Generate zonal statistics.
zonal_stats = elevation.xvec.zonal_stats(
ssurgo_data.to_crs(elevation.rio.crs).geometry, # ensure the correct CRS
"x",
"y",
stats=["mean", "min", "max", "std"],
)
zonal_stats
<xarray.DataArray 'elevation' (geometry: 7, zonal_statistics: 4)>
array([[1.69547634e+02, 1.69539307e+02, 1.69804550e+02, 3.65312762e-02],
[1.73920127e+02, 1.69558762e+02, 1.89282532e+02, 4.23546672e+00],
[1.71910405e+02, 1.67691681e+02, 1.86318939e+02, 3.20585141e+00],
[1.76756619e+02, 1.70410980e+02, 1.80344055e+02, 2.74917394e+00],
[1.74971541e+02, 1.70244766e+02, 1.79659058e+02, 2.09304460e+00],
[1.76334406e+02, 1.69263535e+02, 1.94975769e+02, 3.93324959e+00],
[1.80006464e+02, 1.78314453e+02, 1.81538788e+02, 6.22535698e-01]])
Coordinates:
spatial_ref int64 0
* zonal_statistics (zonal_statistics) <U4 'mean' 'min' 'max' 'std'
* geometry (geometry) object MULTIPOLYGON (((-90.59735248065536 41...

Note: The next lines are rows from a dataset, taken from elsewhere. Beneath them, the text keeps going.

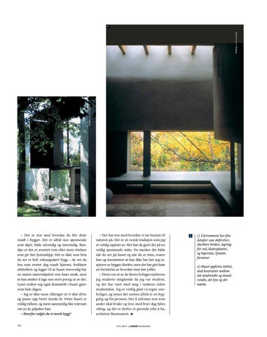 – Det har noe med hvordan vi tar hensyn til naturen på. Det er en norsk tradisjon som jeg er veldig opptatt av. Her har de gjort det på en veldig spennende måte. Du merker det både når du ser på huset og når du er inne, svarer han og innrømmer at han ikke har latt seg in spirere av bygget direkte, men det har gitt ham en forståelse av hvordan man bør jobbe. – Dette var et av de første boligprosjektene jeg studerte inngående da jeg var student, og det har vært med meg i tankene siden studietiden. Jeg er veldig glad i å tegne ene boliger, og synes det nesten alltid er en hyg gelig og fin prosess. Det å utforme noe som andre skal bruke og leve med hver dag føles viktig, og det er derfor et givende yrke å ha, avslutter Rasmussen. N °2 201 7 |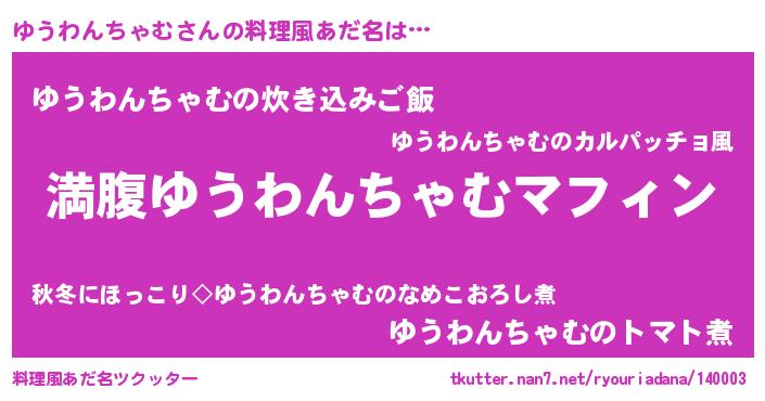 | 女子向けラノベタイトル風あだ名 | 『異世界で失敗しない100のゆうわんちゃむ』 |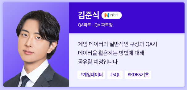 QA 컨퍼런스의 다섯 번째 발표는 김준식 님이 발표해 주셨습니다. 게임에서 사용하는 데이터의 의미, 데이터의 구성 방식과 QA 업무 중 데이터를 활용하여 게임 검증을 하는 방식에 대해 간략하게 소개해주셨습니다.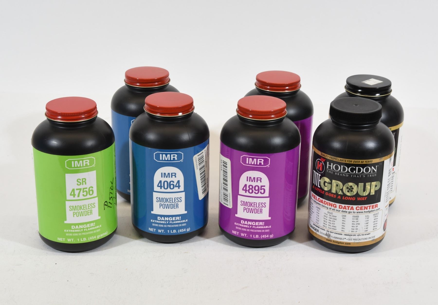 Two full bottles Hodgdon Tite Group, one full bottle IMR4064, full bottle IMR SR4756, 1 1/4 bottles IMR 4895.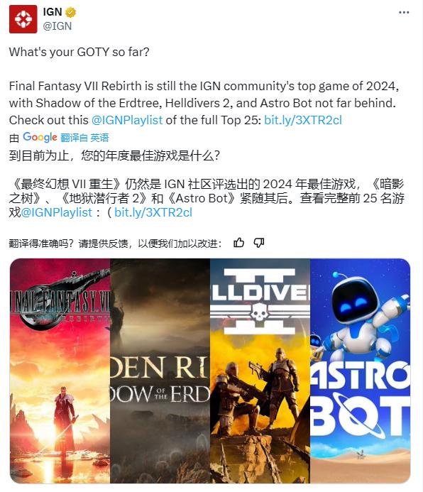 近日,海外著名游戏媒体IGN举行了2024年度玩家投票。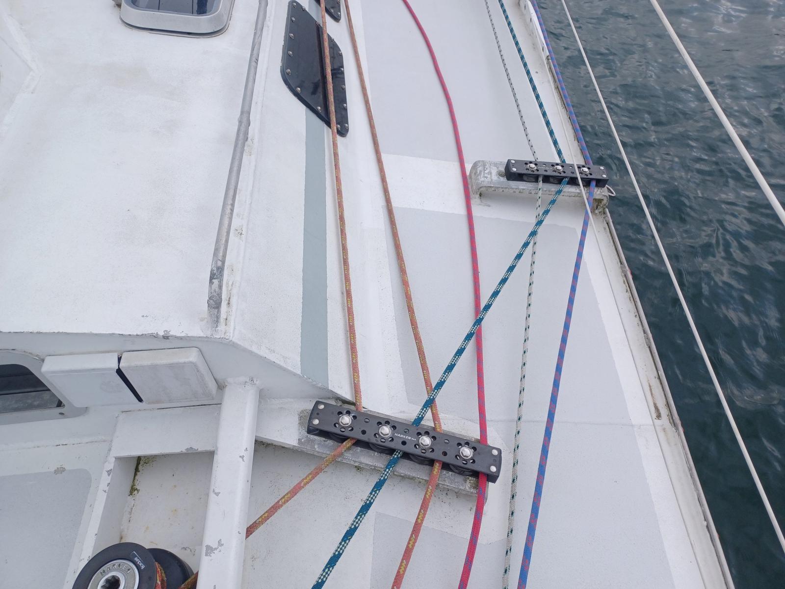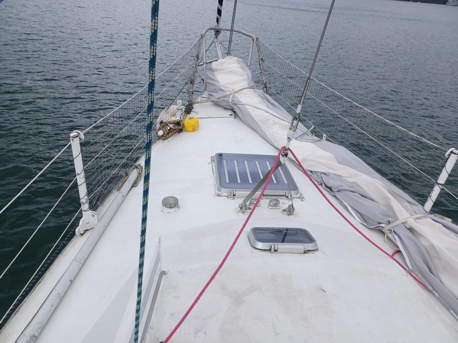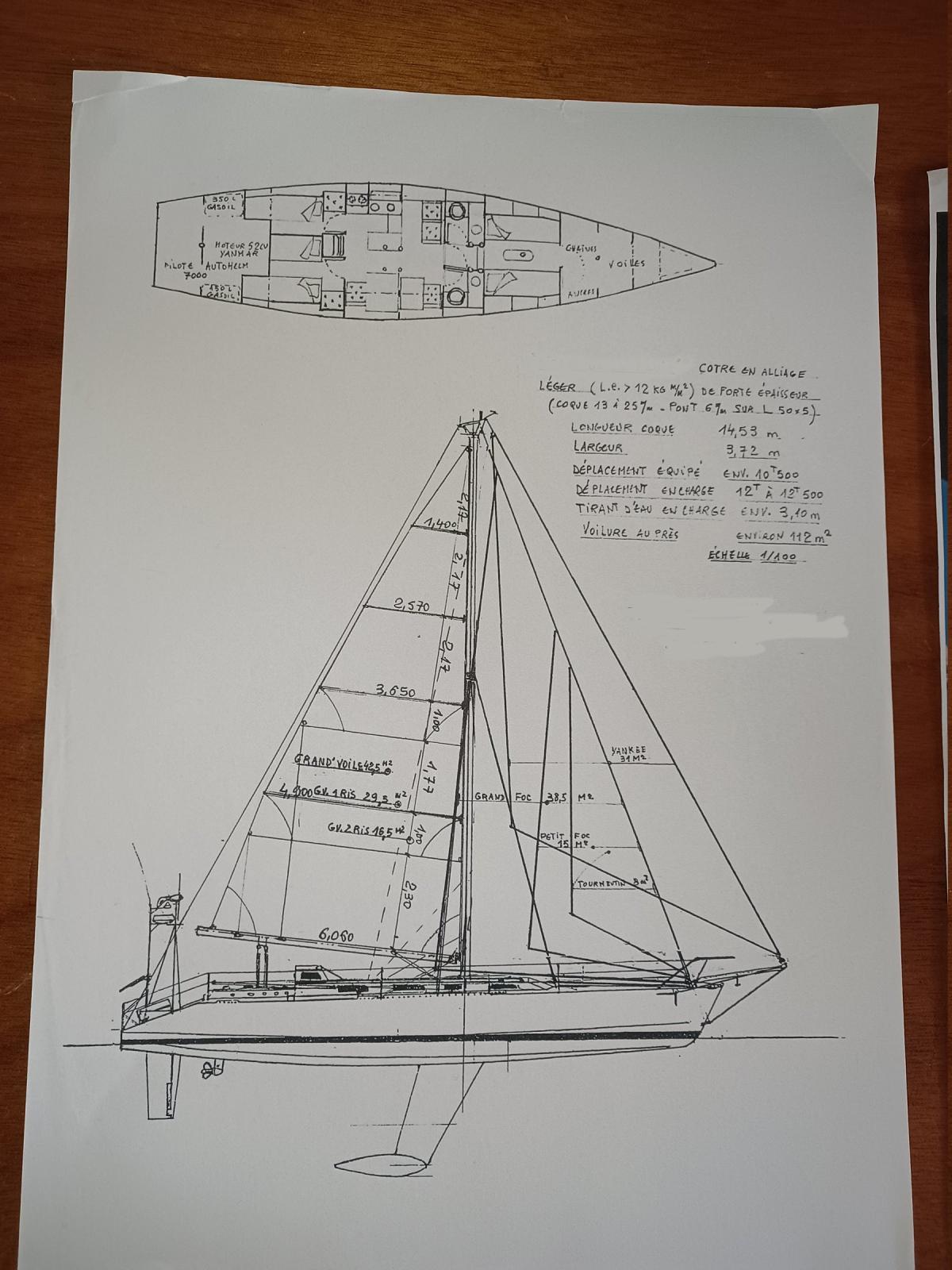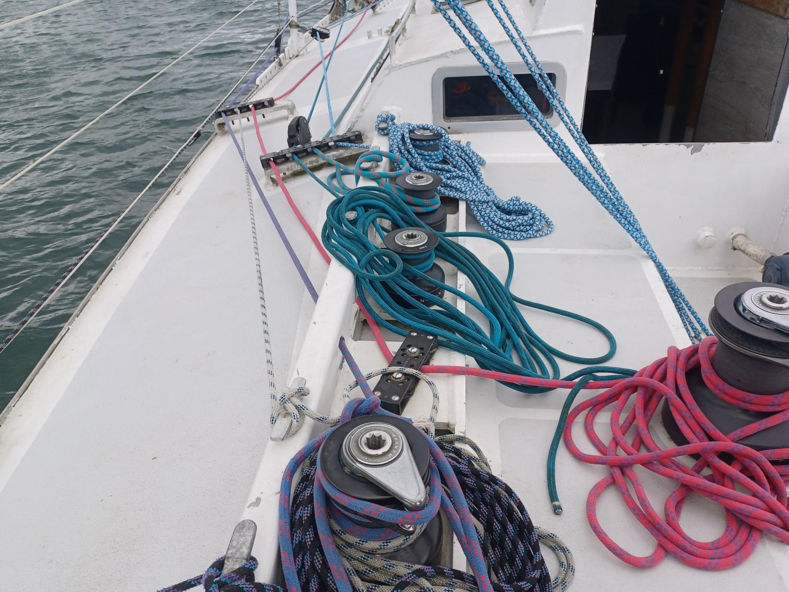 VOILES : 1 GV neuve (2024) 2 ris sur chariots, yankee (2023) sur enrouleur, solent 1 ris avec sac banane, inter, tourmentin.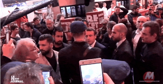 这个年轻人为什么要打马克龙?或许从他喊的口号能够找到一些线索。
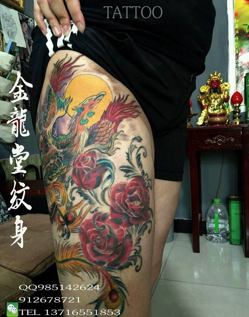 当前位置: 首页 >北京市纹身店-金龙堂纹身纹身图案>麻药美女大腿彩色凤凰完成/纹身图片_臀部腿部传统动物成品纹身图案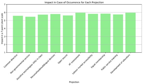 Figure 3 illustrates the likely medium-term impact of ATs in the proposed scenarios. The projections with the highest impact in case of occurrence (around six out of seven) are projection 6—“By 2030, service providers/practitioners will be able to conduct comprehensive assessments for appropriate AT according to the specific needs of people with disabilities” and projection 10—“By 2030, the use of ATs is included in the professional development of educators in mainstream schools”. The findings indicate that the experts believe it is crucial for practitioners to be able to perform evaluations to ensure appropriate ATs are matched to the relevant disabilities. According to the experts, ATs’ adoption depends not only on technology but also on the capacity of professionals to apply it appropriately. The specialists also think that educators should receive training to effectively use ATs. Generally speaking, the levels of impact are similar to those of desirability. This correlation indicates consistency that reinforces the respondents’ views on the potential benefits of ATs on the social inclusion and quality of life of people with disabilities. The findings highlight the importance of aligning technological advancement with the professional development of educators to fully realize the promise of assistive technologies.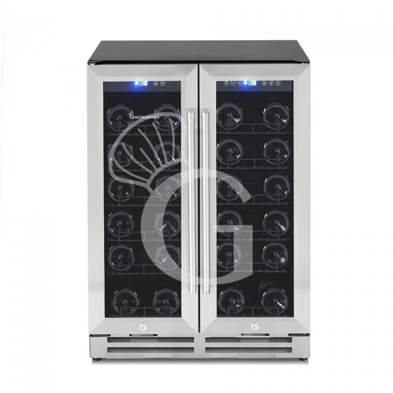 Cantina Vino Ventilata doppia temperatura porte inox 120 LT 12 ripiani 34 bottiglie +5°C/+12°C – +12°C/+22°C.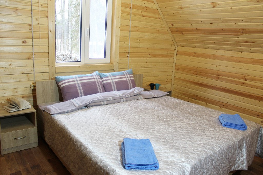Двухэтажные деревянные коттеджи с тремя спальнями, в каждой из которых расположены по две односпальные кровати, которые при желании трансформируются в одну двуспальную, а также прикроватные тумбы и комод.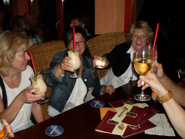 Am Abend sollten wir uns "schick anscheuseln" stand auf dem Reiseblatt. Da ging es zum gemeinsamen Abendessen und Tanz. Das Motto "Wenn der Hein mit dem Schifferklavier…" Gut gut, dass wir selbst viele Lieder kennen und dem Abend so eine etwas abwechslungsreichere Note gaben. Bis weit nach Mitternacht hielten wir es dann noch bei Cocktail und Geschnatter aus.
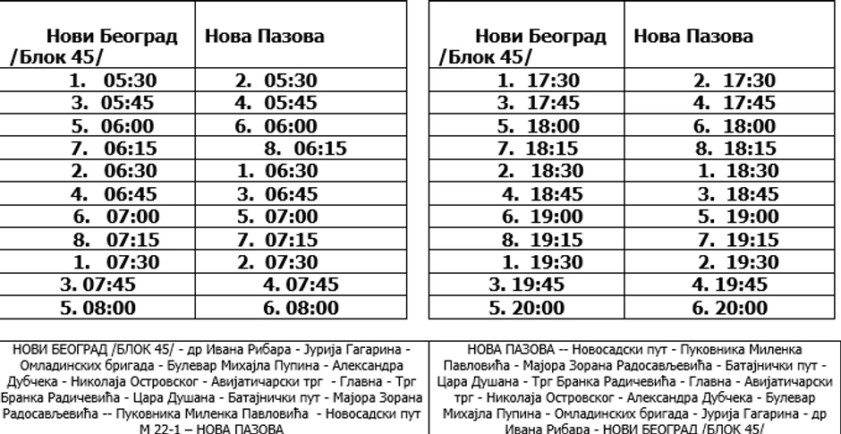L20: Novi Beograd (Blok 45) - Nova Pazova
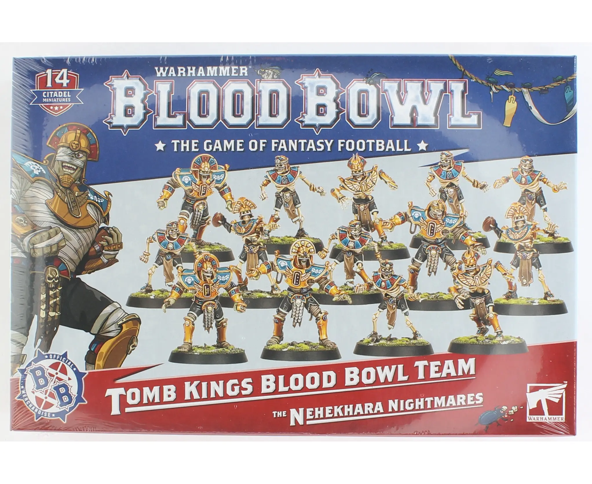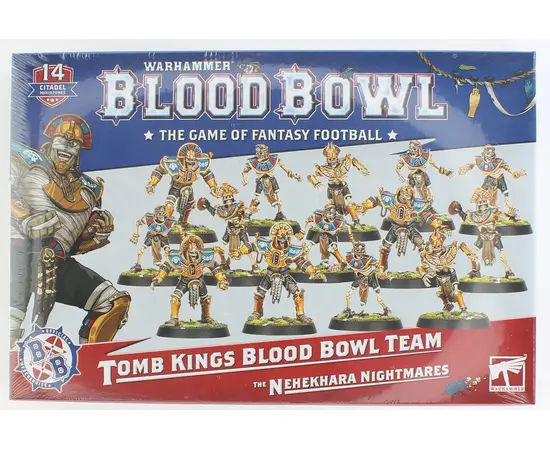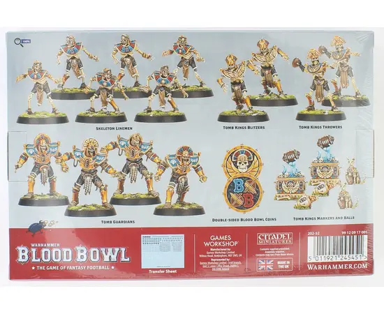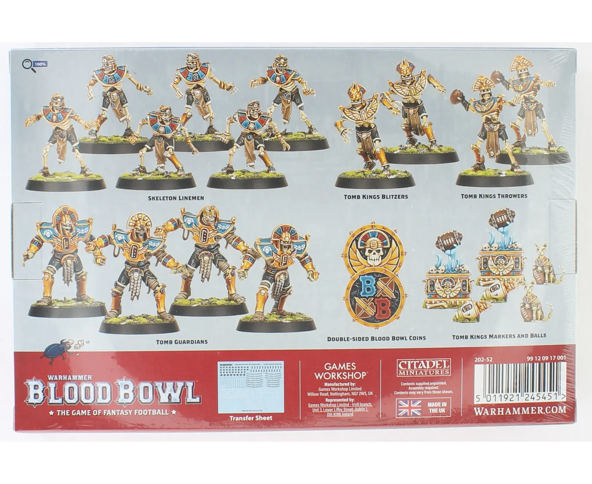 The Tomb Kings rise once more, bringing a touch of ancient grandeur and eternal precision to the Blood Bowl pitch. Each team set includes 14 multipart plastic players – two Tomb Kings Blitzers, two Tomb Kings Throwers, four mighty Tomb Guardians, and six Skeleton Linemen – along with two double-sided team coins, two Turn and Re-roll markers, and four footballs to keep the game in motion. To crown their ancient glory, the set also includes a Tomb Kings Team transfer sheet featuring 298 individual decals, perfect for adorning your players in regal symbols of eternal domination.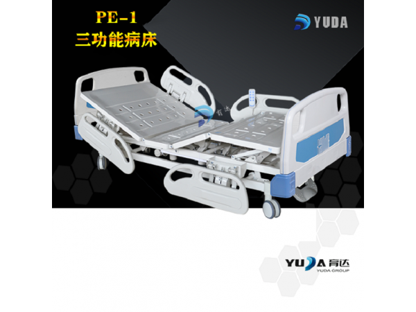 PE-1三功能病床功能:背部調(diào)節(jié)ge;65deg;,腿部調(diào)節(jié)ge;35deg;;歐式四小護(hù)欄,上下翻轉(zhuǎn)結(jié)構(gòu);豪華中控腳輪,一體剎車;床板采用冷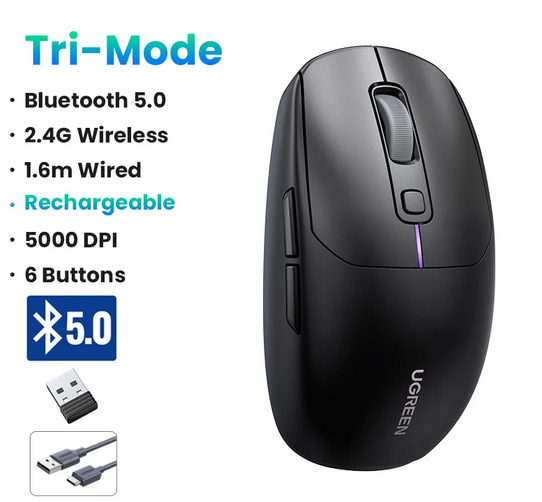 The **UGREEN 90539 (MU103)** 3-Mode Wireless Mouse blends flexibility, performance, and comfort seamlessly. With **triple connectivity** — wired via USB-C, 2.4 GHz via nano receiver, and Bluetooth 5.0 — you can connect up to **three devices simultaneously** and switch between them with ease. Perfect for multitasking across a laptop, desktop, and tablet without sacrificing responsiveness.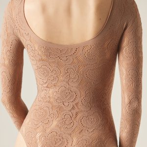 Floral motif mesh bodysuit with macramé effect to pair with coordinating tights MODC2150. It features a boat neckline and long sleeves and provides an elegant and sophisticated look. The hook closure for the bottom guarantees practicality and comfort. Ideal for chic outfits and special occasions.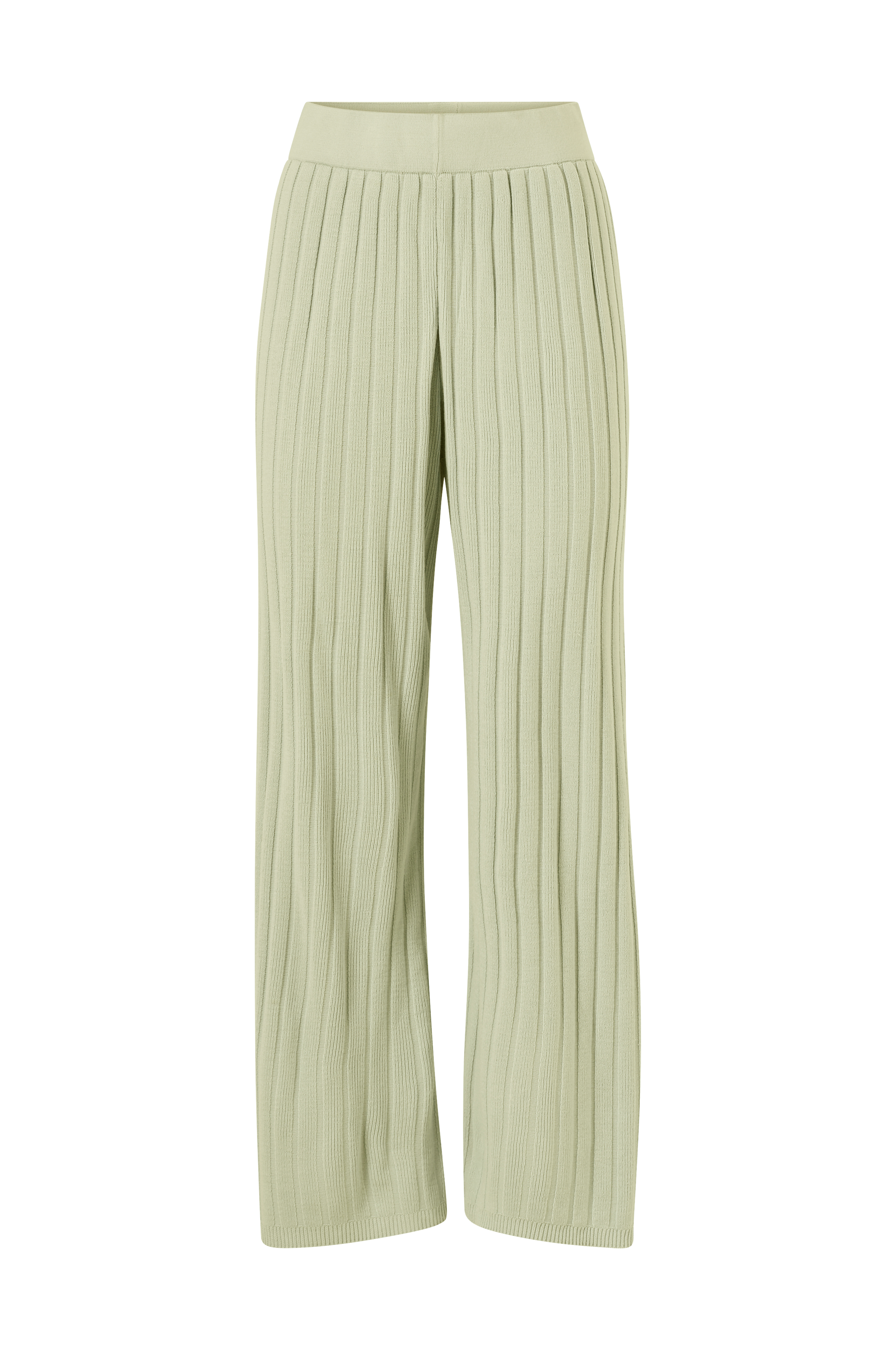 Leveät joustinneulehousut, joissa leveä kuminauha vyötäröllä. Lahkeen sisäpituus n. 71 cm koossa S.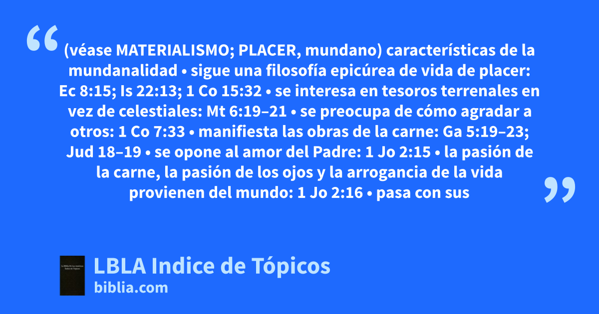 características de la mundanalidad • sigue una filosofía epicúrea de vida de placer: Ec 8:15; Is 22:13; 1 Co 15:32 • se interesa en tesoros terrenales en vez de celestiales: Mt 6:19–21 • se preocupa de cómo agradar a otros: 1 Co 7:33 • manifiesta las obras de la carne: Ga 5:19–23; Jud 18–19 • se opone al amor del Padre: 1 Jo 2:15 • la pasión de la carne, la pasión de los ojos y la arrogancia de la vida provienen del mundo: 1 Jo 2:16 • pasa con sus pasiones: 1 Jo 2:17 (cp. 1 Co 7:31) • referencias generales: Tit 3:3; 2 Pe 2:12–22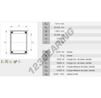 Het Naaldhulslager , bekend als het BCE138-INA INA, heeft een binnendiameter van 20.64 mm, een buitendiameter van 26.99 mm en een dikte van 12.7 mm.

index (geometry) int64 0 11 22 33 44 55 66
Indexes:
geometry GeometryIndex (crs=EPSG:4269)
Attributes:
AREA_OR_POINT: Area
BandDefinitionKeyword: *
DataType: *
LAYER_TYPE: athematic
RepresentationType: *
scale_factor: 1.0
add_offset: 0.0
long_name: Layer_1rasterstats.zonal_stats#
Rasterstats’ implementation, on the other hand, is similar to method="iterate" and should have a similar performance as both depend on the same rasterio functionality. The main difference is that Xvec assumes raster data to be an Xarray object and geometries being shapely objects.
xarray-spatial#
The zonal statistics available in xarray-spatial does not depend on GDAL unlike any of the previous options but uses Datashader’s aggregate instead.